Direktur Eksekutfi IMF Christine Lagarde
telah bertemu dengan SBY pada hari Rabu tanggal 11 Juli 2012 dalam rangka
mengkonfirmasi peminjaman IMF kepada Pemerintah Indonesia sebesar USD 1miliar seperti
yang telah disebutkan Presiden SBY pada pertemuan G-20 bulan lalu di Meksiko.
Pinjaman ini menurut pemerintah merupakan bentuk solidaritas penyelamatan perekonomian
dunia. Cara yang akan ditempuh adalah melalui peminjaman secara Bilateral
antara Pemerintah RI dan IMF atau melalui pembelian obligasi IMF.
Kita harus menolak rencana tersebut,
kenapa? Karena begitu banyak dosa-dosa IMF kepada negara ini. Antara lain:
1. Dalam menghadapi krisis ekonomi tahun
1997, negara ini telah meminta bantuan IMF melalui penandatanganan letter of intent (LoI) pada tanggal 30 Oktober 1997.
Kesepakatan yang terjadi antara lain, Restrukturisasi perbankan,
restrukturisasi perekonomian, pengetatan likuiditas serta kenaikan suku bunga
dan rencana penutupan sejumlah bank nasional. Dengan ditandatanganinya LoI, IMF
menjanjikan bantuan sebesar USD 43 miliar yang dikucurkan secara bertahap
sesuai dengan progress butir-butir LoI. Kucuran dana tahap 1 sebesar USD 3
miliar dicairkan pada November 1997. Pada kucuran tahap berikutnya, janji IMF
tidak terlaksana dengan alasan prasyarat yang tak terpenuhi. Prasyarat IMF
sangat banyak dan terus berkembang dan sebagian agenda merupakan kepentingn IMF
yang sama sekali tidak relevan dengan pemulihan ekonomi Indonesia. IMF juga
memiliki akses ke semua lembaga negara sehingga tidak ada lagi kerahasiaan
informasi negara.
2. Setelah 5 tahun, agenda IMF justru
membuat ekonomi Indonesia semakin terpuruk. Antara lain obral aset-aset BPPN,
privatisasi BUMN, pemberian rekapitalisasi perbankan dan penerbitan status
release and discharge kepada pelaku pidana BLBI. IMF juga telah menjual
50% saham BCA seharga Rp 5 triliun, padahal BCA masih mempunyai obligasi rekap
sebesar Rp 60 triliun. Padahal sebelumnya IMF berjanji bahwa saham-saham bank
rekap termasuk BCA, hanya akan dijual jika obligasi rekap telah ditarik. Banyak
program IMF yang lain yang hanya merugikan pemerintah Indonesia ratusan hingga
ribuan triliun rupiah. Kerugian ini masih terus ditanggung rakyat melalui utang
negara yang telah mencapai lebih dari Rp 1.900 triliun.
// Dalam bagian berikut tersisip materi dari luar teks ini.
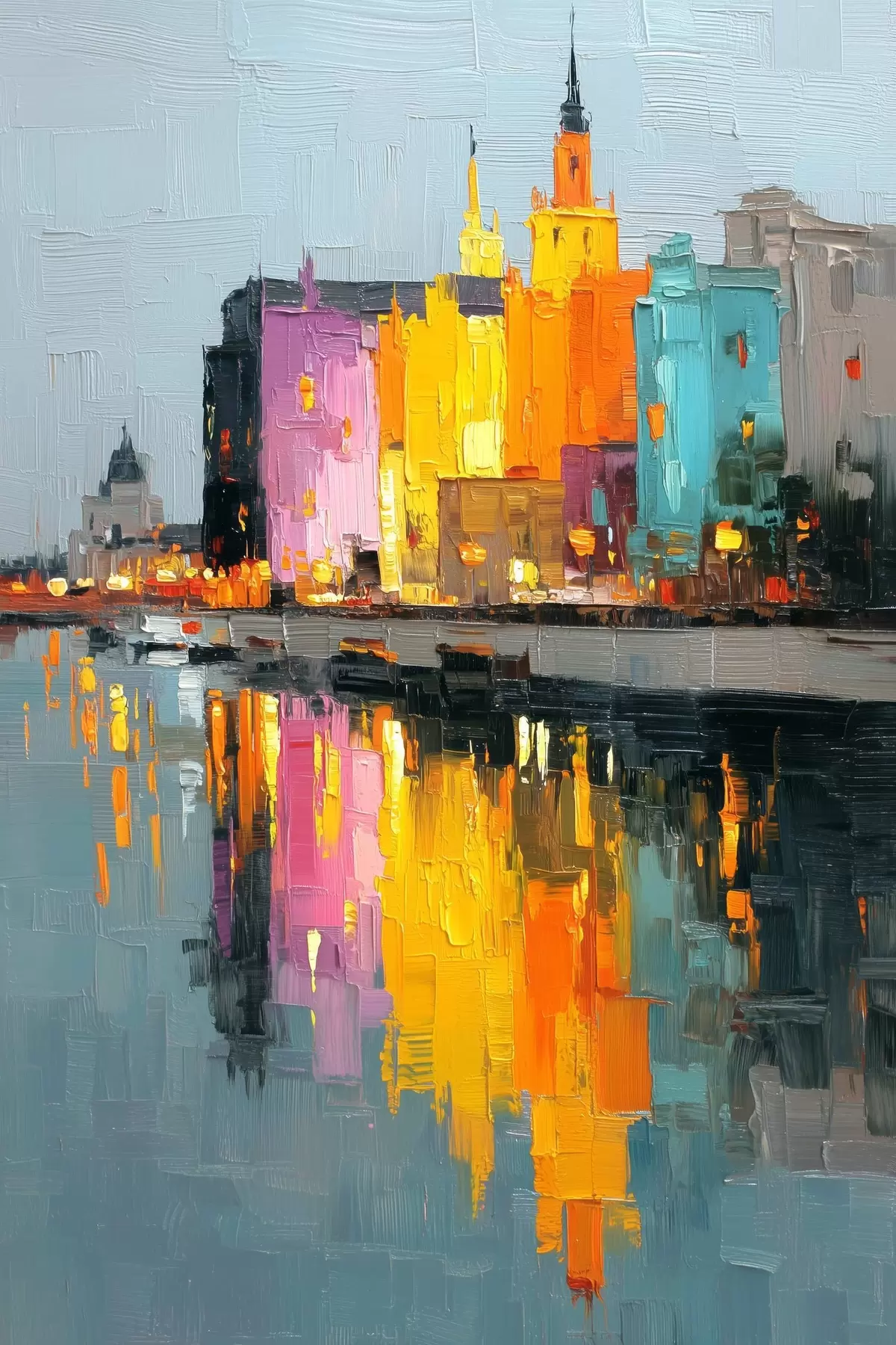 murales de pared Luces de la ciudad: paisaje vibrante en estilo empastado s45242

3. Pada Frankfurt Agreement Juni 1998, RI
dipaksa segera menyelesaikan tunggakan financial kepada bank-bank asing. Dana
kucuran dari IMF justru harus segera digunakan untuk membayar tagihan bank-bank
asing dibandingkan digunakan untuk pemulihan ekonomi domestik. Lembaga keuangan
asing tersebut bukannya ikut menanggung resiko krisis, tapi justru diselamatka
terlebih dahulu. Dengan kebijaksanaan ini, pemerintah Indonesia mengambil alih
tanggung jawab utang swasta dan mengkonversikannya menjadi utang negara.
Jadi apakah pendapatan perkapita rakyat
Indonesia yang hanya USD 3.508 harus ikut membantu mengatasi krisis yang
terjadi di sebagian negara-negara Eropa yang notabene pendapatan perkapitanya
lebih besar dari kita, seperti Yunani USD 24.197, Spanyol USD 30.500 atau
Irlandia USD 37.700? Apakah penduduk miskin yang makin meningkat di Eropa lebih
penting dibantu dibandingkan penduduk miskin di negara sendiri?